Repeat the listing word for word. No pictures belong in the copy.

-*-

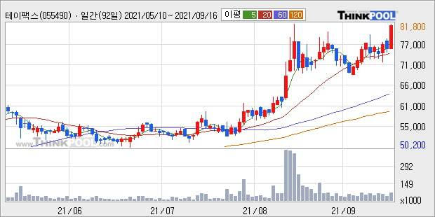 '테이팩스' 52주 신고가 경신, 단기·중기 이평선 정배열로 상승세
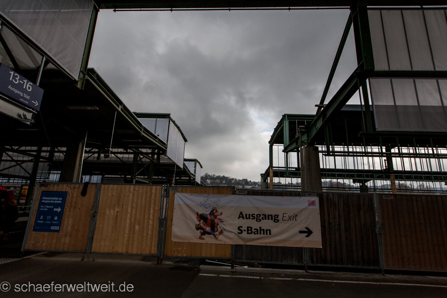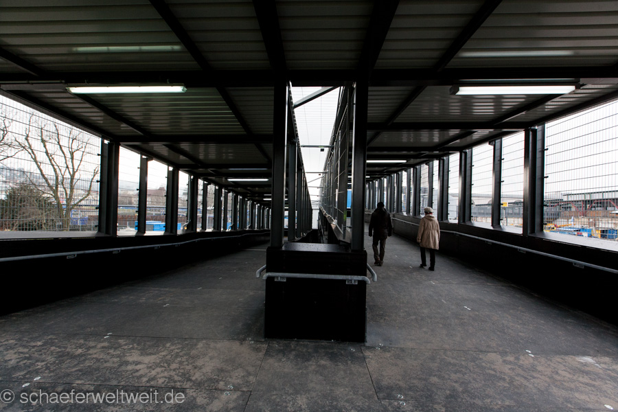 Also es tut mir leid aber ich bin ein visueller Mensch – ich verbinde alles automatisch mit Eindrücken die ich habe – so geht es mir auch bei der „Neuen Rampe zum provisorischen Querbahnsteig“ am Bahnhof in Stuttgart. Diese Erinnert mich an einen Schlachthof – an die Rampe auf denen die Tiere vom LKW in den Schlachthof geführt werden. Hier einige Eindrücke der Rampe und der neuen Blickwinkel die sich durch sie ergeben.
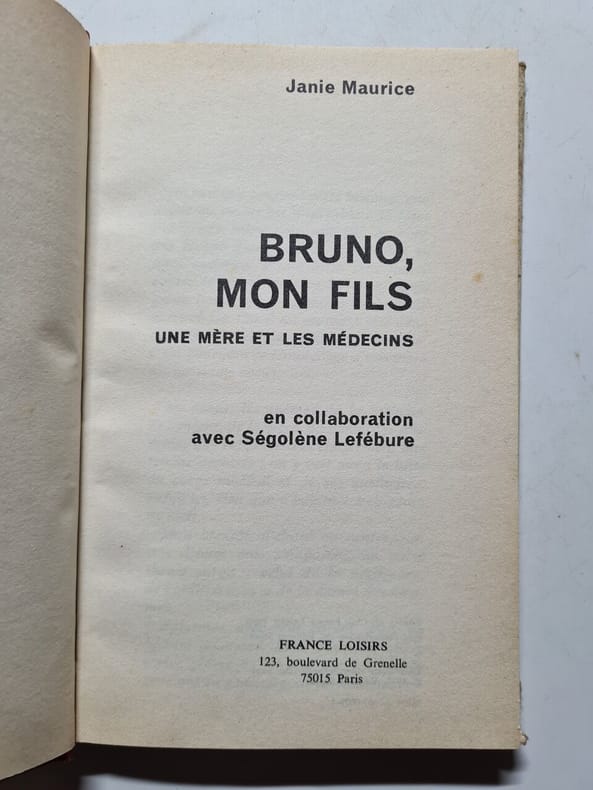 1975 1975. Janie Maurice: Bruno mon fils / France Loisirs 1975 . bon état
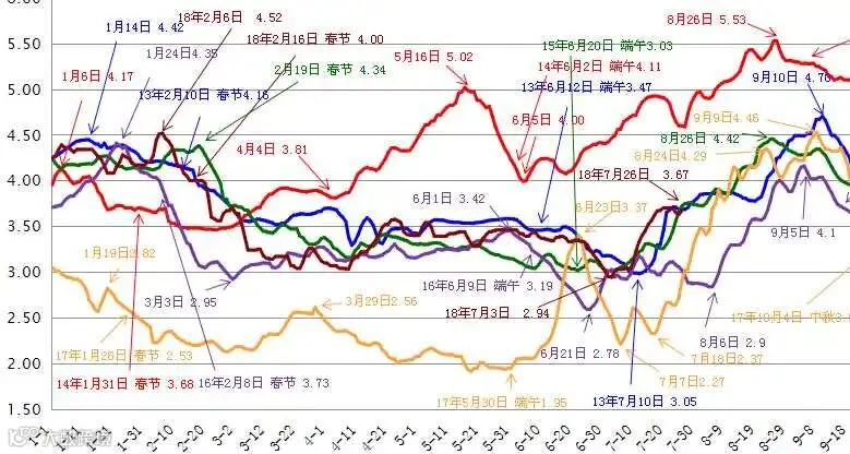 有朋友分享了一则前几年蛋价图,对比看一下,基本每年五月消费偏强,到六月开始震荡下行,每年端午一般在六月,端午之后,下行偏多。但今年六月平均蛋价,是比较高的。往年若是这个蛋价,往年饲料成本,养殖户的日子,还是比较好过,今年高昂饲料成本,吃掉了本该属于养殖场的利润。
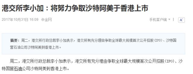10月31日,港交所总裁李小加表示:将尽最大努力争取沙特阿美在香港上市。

-*-

Answer to this task -
 '테이팩스' 52주 신고가 경신, 단기·중기 이평선 정배열로 상승세
 Also es tut mir leid aber ich bin ein visueller Mensch – ich verbinde alles automatisch mit Eindrücken die ich habe – so geht es mir auch bei der „Neuen Rampe zum provisorischen Querbahnsteig“ am Bahnhof in Stuttgart. Diese Erinnert mich an einen Schlachthof – an die Rampe auf denen die Tiere vom LKW in den Schlachthof geführt werden. Hier einige Eindrücke der Rampe und der neuen Blickwinkel die sich durch sie ergeben.
 1975 1975. Janie Maurice: Bruno mon fils / France Loisirs 1975 . bon état
 有朋友分享了一则前几年蛋价图,对比看一下,基本每年五月消费偏强,到六月开始震荡下行,每年端午一般在六月,端午之后,下行偏多。但今年六月平均蛋价,是比较高的。往年若是这个蛋价,往年饲料成本,养殖户的日子,还是比较好过,今年高昂饲料成本,吃掉了本该属于养殖场的利润。
10月31日,港交所总裁李小加表示:将尽最大努力争取沙特阿美在香港上市。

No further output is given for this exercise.